● EXERCISE DETAILS
Leaving out pictures, output exactly the lines below from the one that has "Stromversorgung für das" through the one that has "创意手提美式乡村冰裂奶壶陶瓷花瓶水养玫瑰插花摆件装饰品田园风", and nothing else.

● DATA TO PROCESS
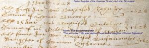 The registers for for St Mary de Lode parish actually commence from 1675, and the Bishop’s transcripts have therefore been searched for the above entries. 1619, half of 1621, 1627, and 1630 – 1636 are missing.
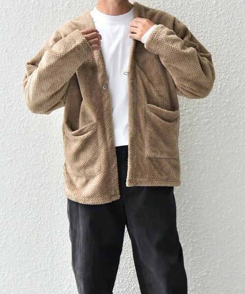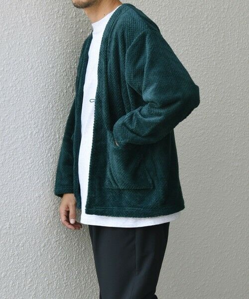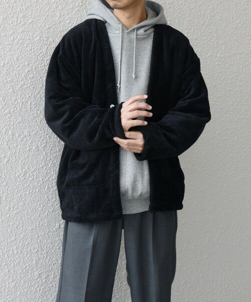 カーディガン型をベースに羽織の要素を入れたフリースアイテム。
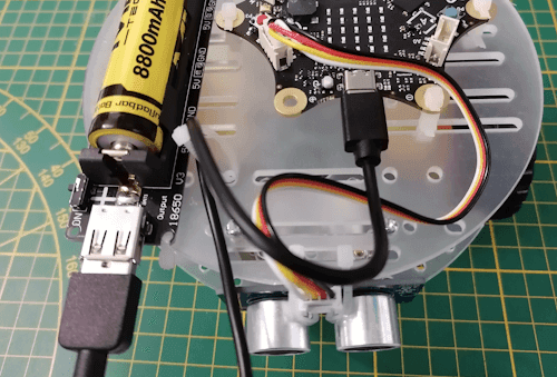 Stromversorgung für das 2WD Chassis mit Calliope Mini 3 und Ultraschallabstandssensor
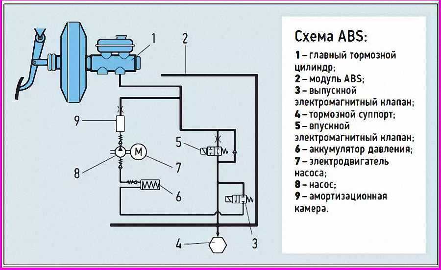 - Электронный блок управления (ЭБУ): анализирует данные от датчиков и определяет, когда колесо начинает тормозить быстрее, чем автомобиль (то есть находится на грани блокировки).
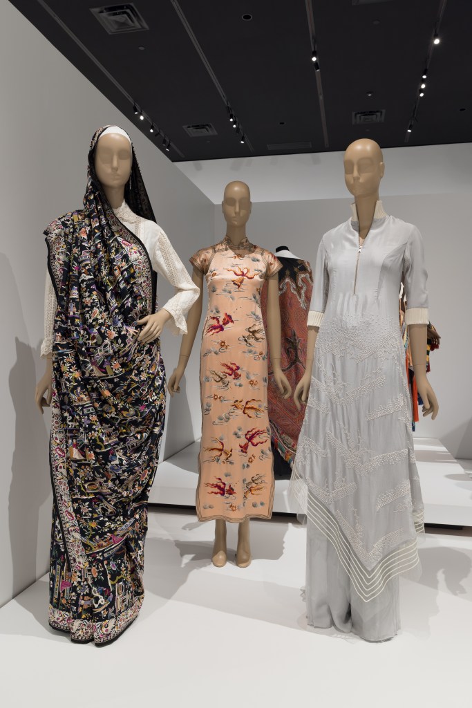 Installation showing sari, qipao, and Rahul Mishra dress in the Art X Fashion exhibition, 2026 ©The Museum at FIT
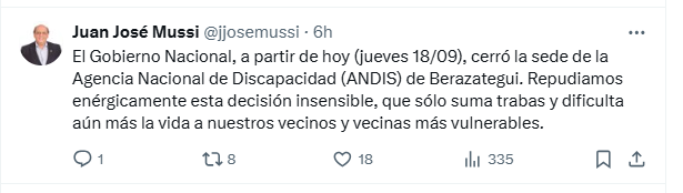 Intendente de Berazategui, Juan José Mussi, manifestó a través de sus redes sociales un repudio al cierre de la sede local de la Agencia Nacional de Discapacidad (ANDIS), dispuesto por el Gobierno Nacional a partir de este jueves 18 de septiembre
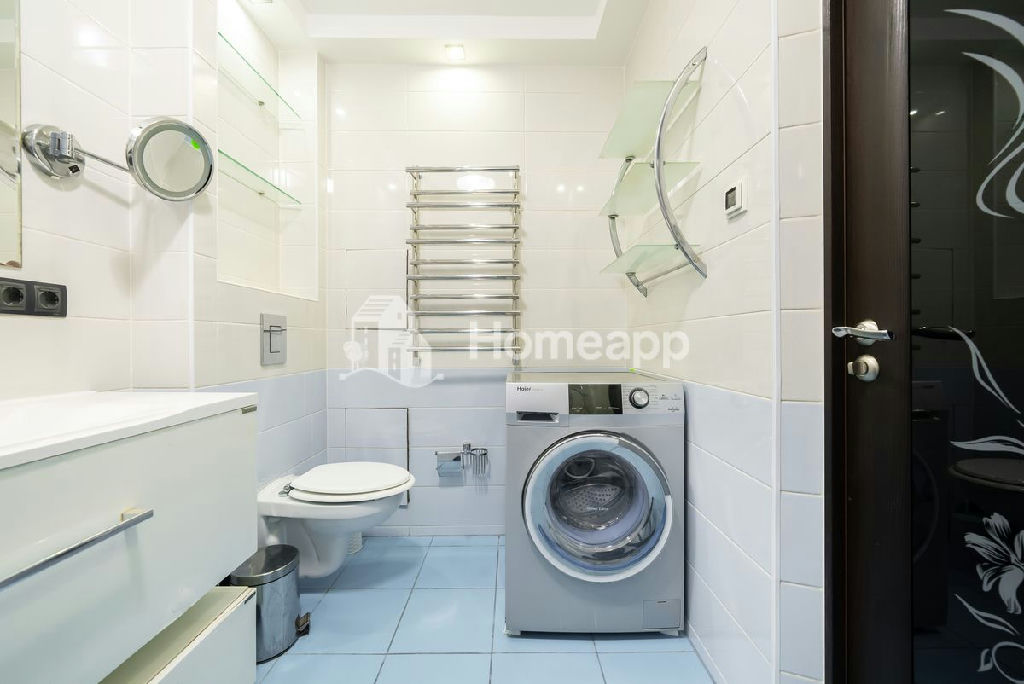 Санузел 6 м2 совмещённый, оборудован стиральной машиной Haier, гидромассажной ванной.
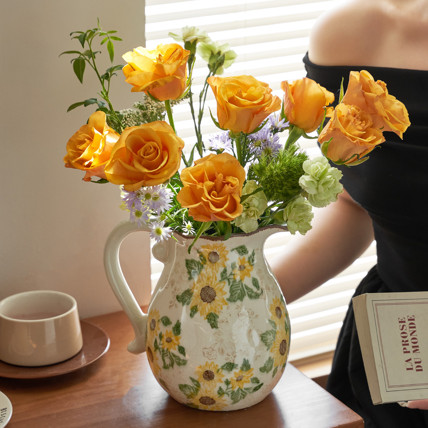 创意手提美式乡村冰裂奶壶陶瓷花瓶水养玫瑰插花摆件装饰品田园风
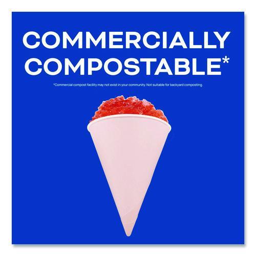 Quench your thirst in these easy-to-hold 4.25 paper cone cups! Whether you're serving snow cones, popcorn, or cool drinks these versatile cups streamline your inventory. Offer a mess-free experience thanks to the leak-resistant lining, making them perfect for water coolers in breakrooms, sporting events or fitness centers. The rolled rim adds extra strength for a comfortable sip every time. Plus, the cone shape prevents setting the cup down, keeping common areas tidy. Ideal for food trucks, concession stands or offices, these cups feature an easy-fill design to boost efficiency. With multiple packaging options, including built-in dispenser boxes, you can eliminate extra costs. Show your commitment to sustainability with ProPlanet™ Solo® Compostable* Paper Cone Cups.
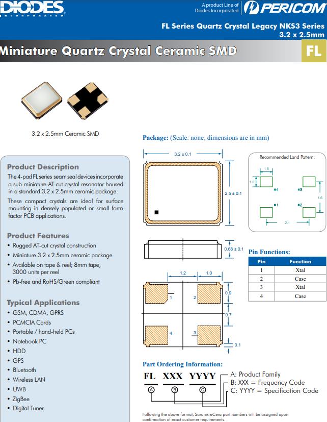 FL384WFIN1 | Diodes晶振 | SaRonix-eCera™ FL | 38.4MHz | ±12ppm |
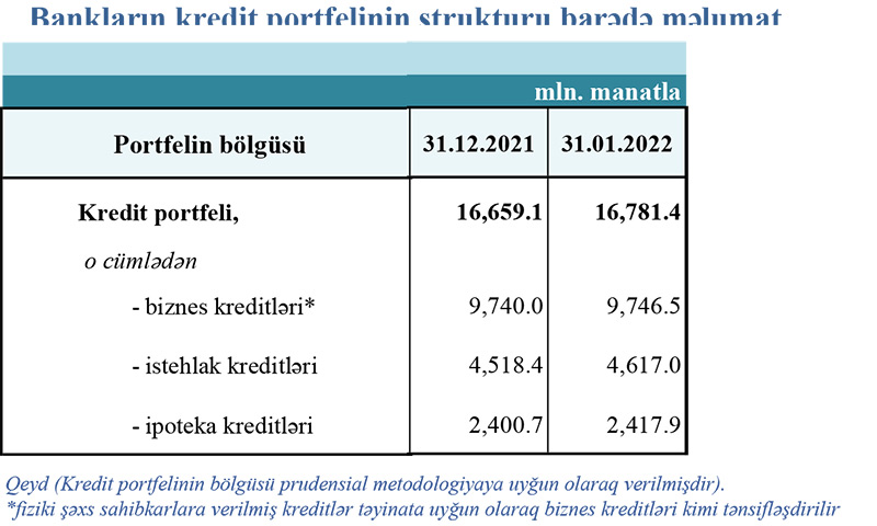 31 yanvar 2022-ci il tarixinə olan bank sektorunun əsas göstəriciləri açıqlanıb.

● EXERCISE OUTPUT
 Stromversorgung für das 2WD Chassis mit Calliope Mini 3 und Ultraschallabstandssensor
 - Электронный блок управления (ЭБУ): анализирует данные от датчиков и определяет, когда колесо начинает тормозить быстрее, чем автомобиль (то есть находится на грани блокировки).
 Installation showing sari, qipao, and Rahul Mishra dress in the Art X Fashion exhibition, 2026 ©The Museum at FIT
 Intendente de Berazategui, Juan José Mussi, manifestó a través de sus redes sociales un repudio al cierre de la sede local de la Agencia Nacional de Discapacidad (ANDIS), dispuesto por el Gobierno Nacional a partir de este jueves 18 de septiembre
 Санузел 6 м2 совмещённый, оборудован стиральной машиной Haier, гидромассажной ванной.
 创意手提美式乡村冰裂奶壶陶瓷花瓶水养玫瑰插花摆件装饰品田园风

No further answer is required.